Wednesday, August 08, 2007



Social Security Administrative Law Judge Increase ?

An August 6th, 2007 post on attorney Charles Hall's blog (AFGE Newsletter) cites some interesting information from the July edtiion of the AFGE union (of which my spouse is a member and also a union rep).

First, it is apparently the desire of the current commissioner of the social security administration to hire an additional 173 administrative law judges. Would this decrease the disability hearing backlog? I don't really know. I suspect, however, that even such a large hiring (for an agency like SSA, this would be significant) would not whittle away at the backlog, but merely decrease its rate of growth.

Interestingly enough, and I didn't know this, it takes about 4 hearing office staffers to support one individual disability judge. This goes back to something I've said several times here. Hiring more judges isn't enough. More judges without additional support staff will likely result in...nothing, other than the same number of cases being distributed among a larger number of judges.

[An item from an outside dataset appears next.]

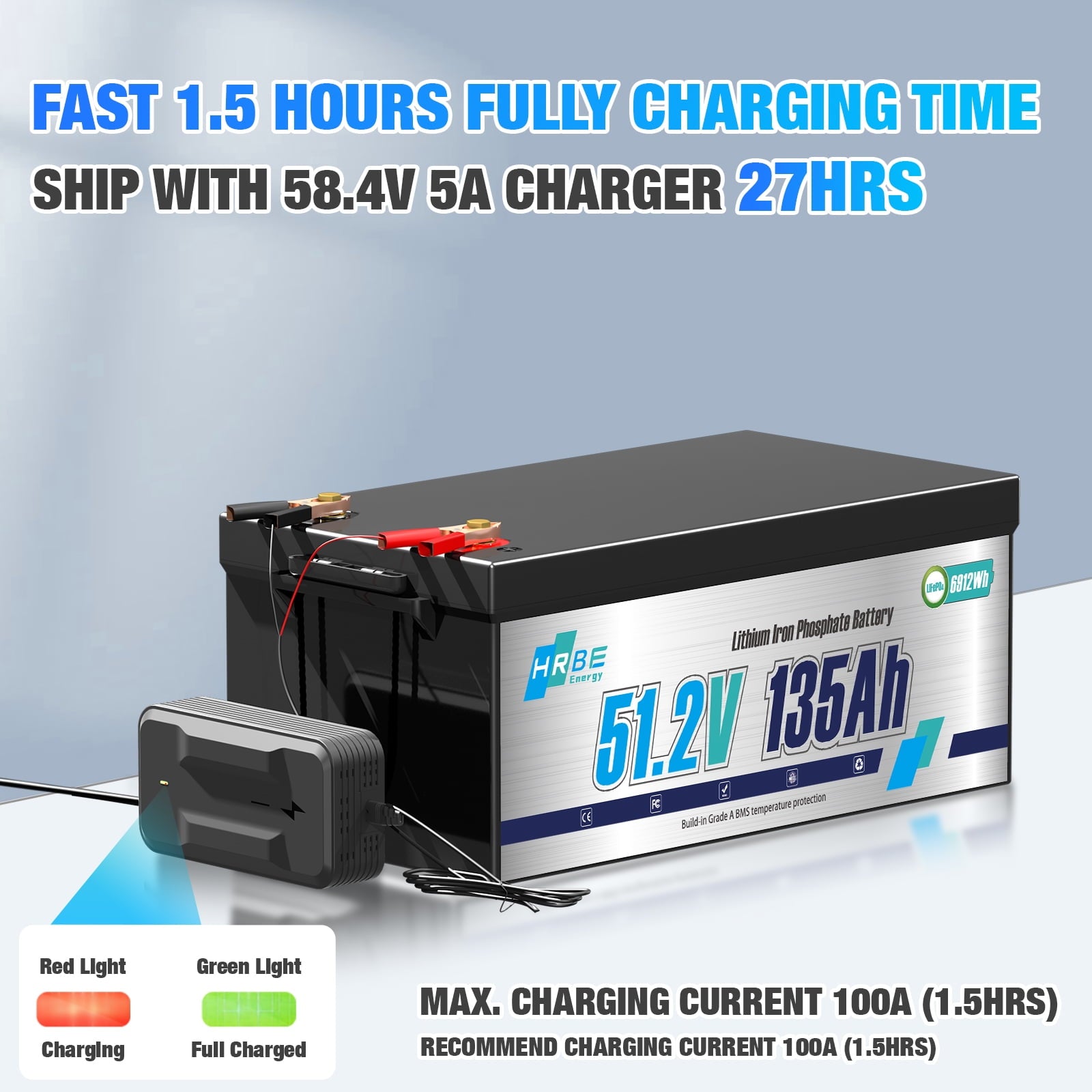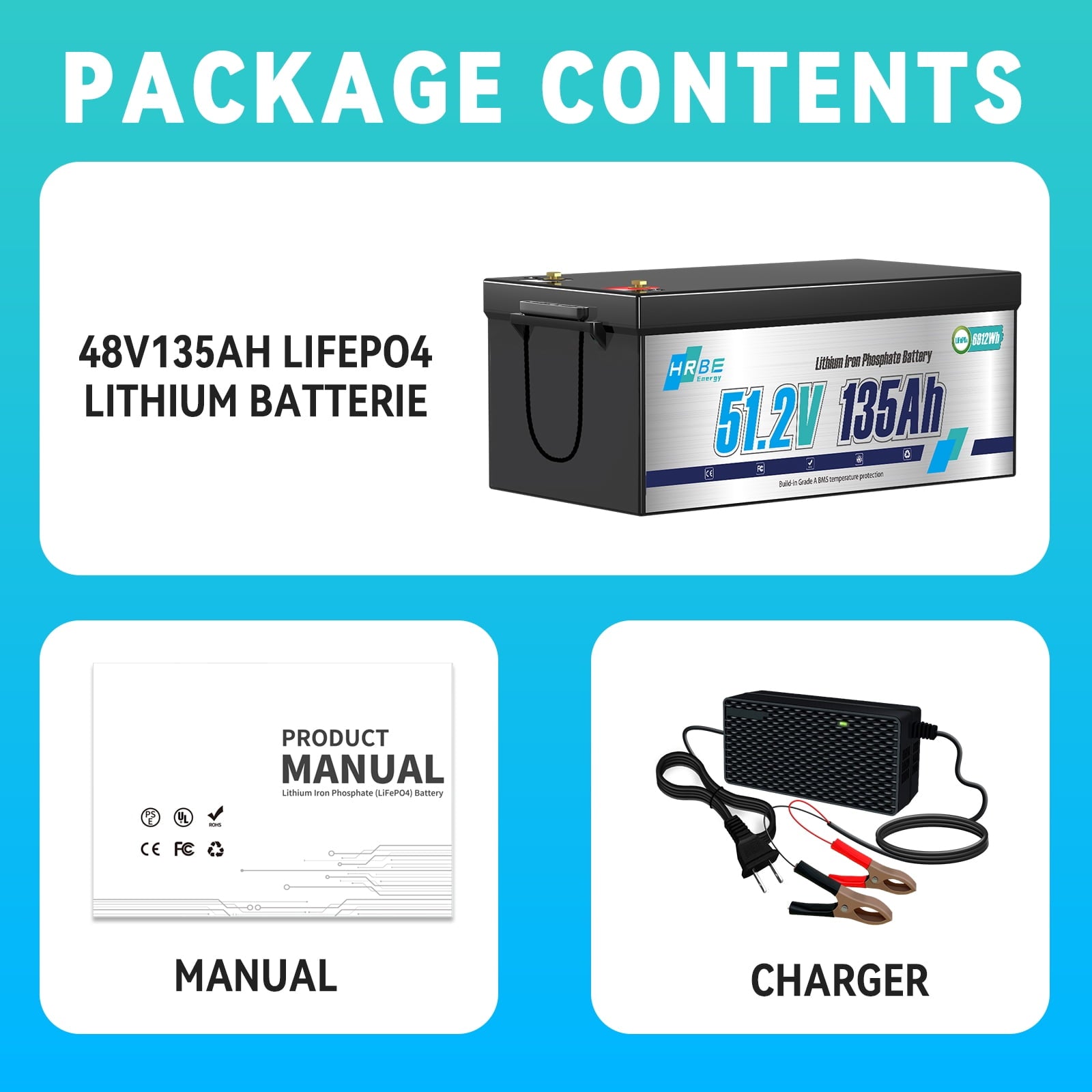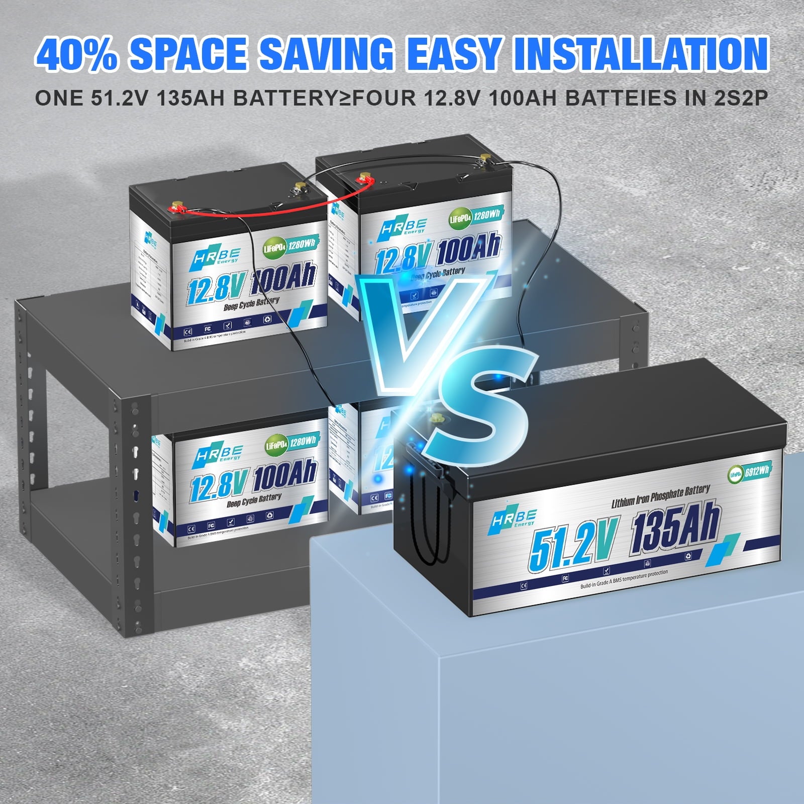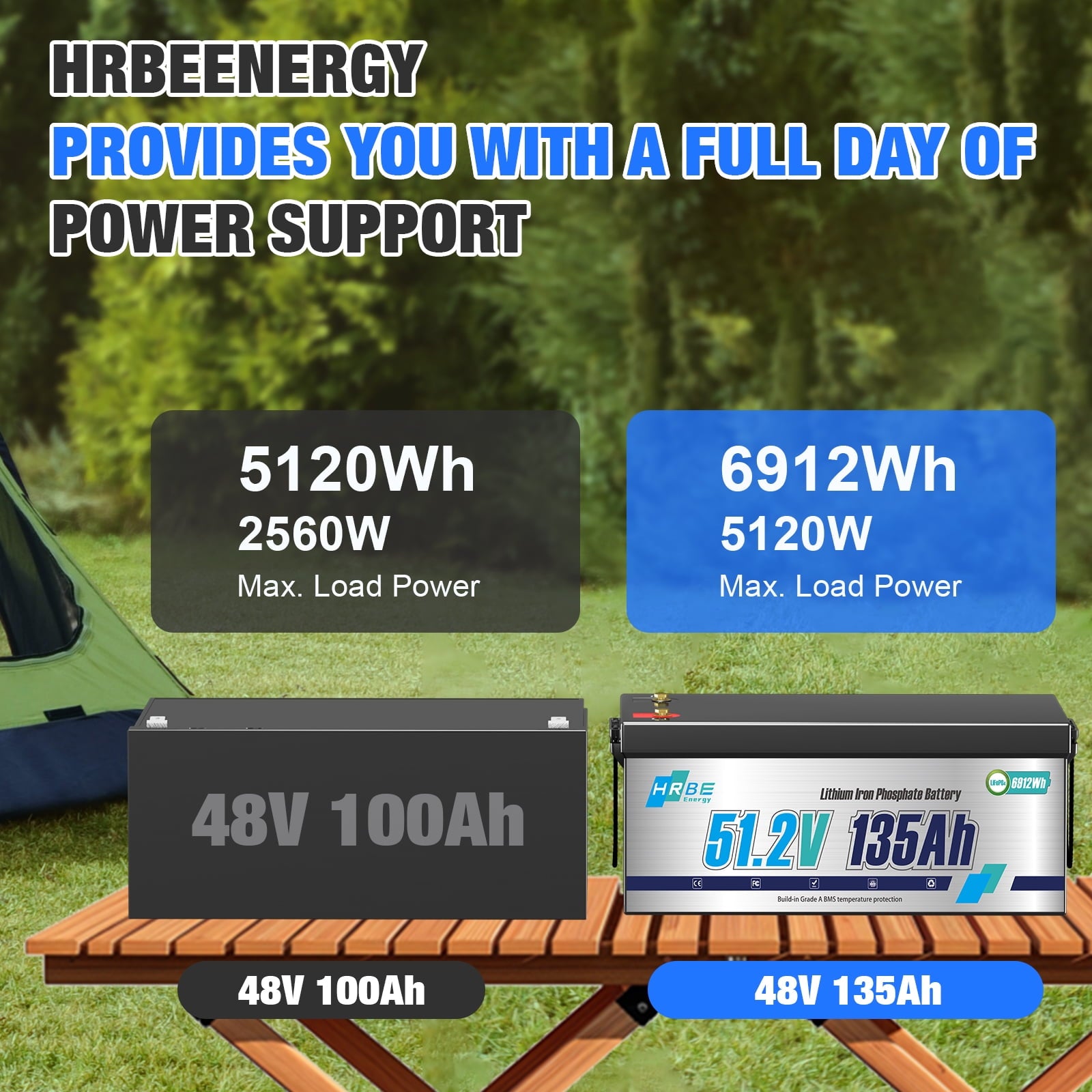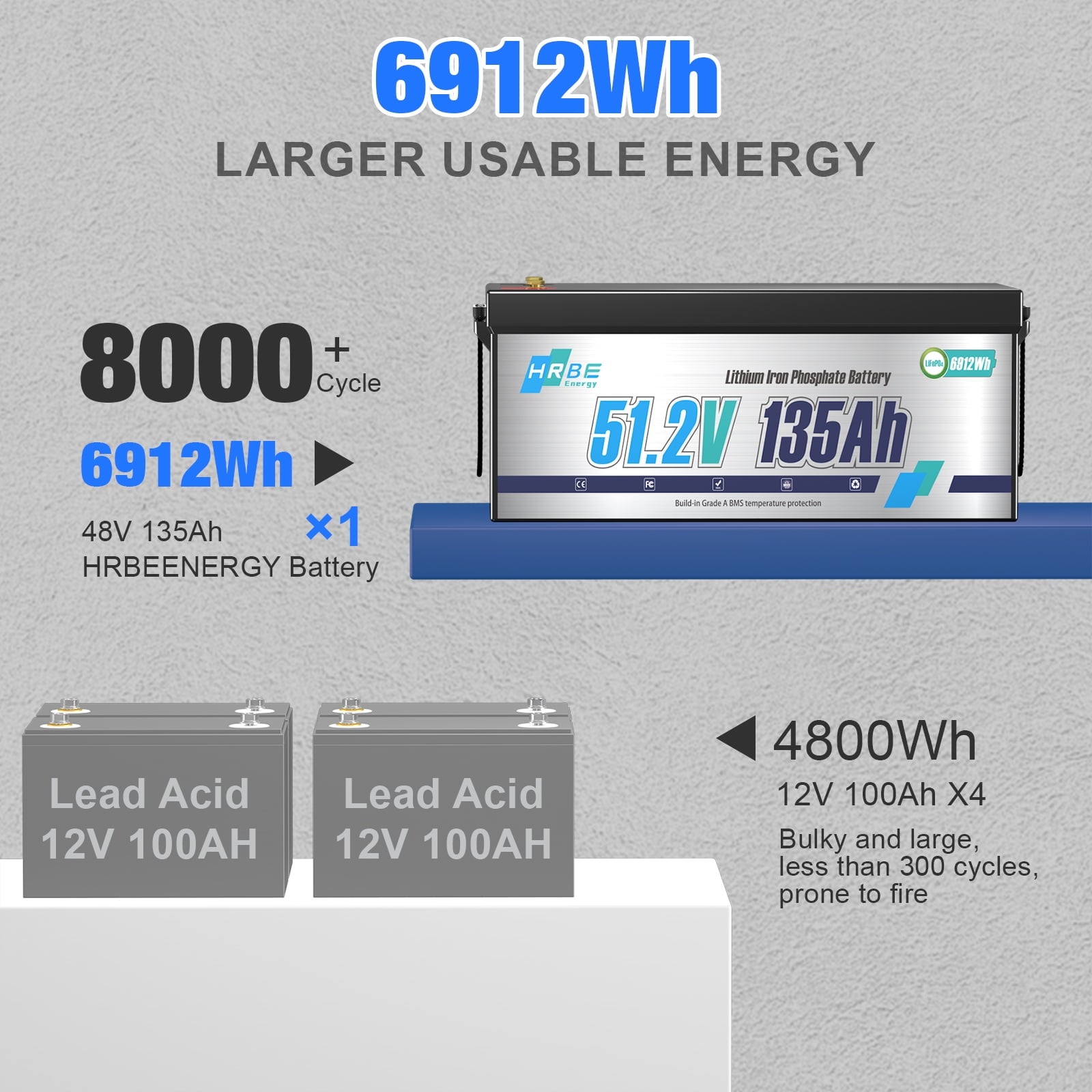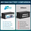 - HRBEENERGY 48V 135Ah LiFePO4 battery provides more than 6000 deep cycles compared to traditional lead-acid batteries only about 300-600 cycles, which extends the battery lifespan more than 10 times. 6000+ deep cycles using life and 80% depth of discharge are also better than many LiFePO4 battery of other brands.

On the subject of hiring (again, a frequent topic here), journalists who report on the social security disability and SSI disability quagmire should really start focusing on the personnel dilemma that exists in the social security field offices. I know that the hearing situation is very dire and translates better for readers, but the real meltdown in the agency's human resource infrastructure is occurring within the field offices. In fact, in one that I know of, claims reps are getting fairly close to taking on nearly all the duties of service reps.

For those who aren't aware, claims reps process disability claims while SRs, or service reps, provide office support and support for CRs, or claims reps.

What happens when claims reps are forced, due to staff attrition, to take over more and more of the work done by service reps? Only an idiot would have to ponder this one for very long (and I guess that means we're out of luck as far as the U.S. congress is concerned). It means that disability claims and retirement claims will take longer to process and, over time, claims reps will become less effective in managing their cases.

You can only divide a pie but so many ways.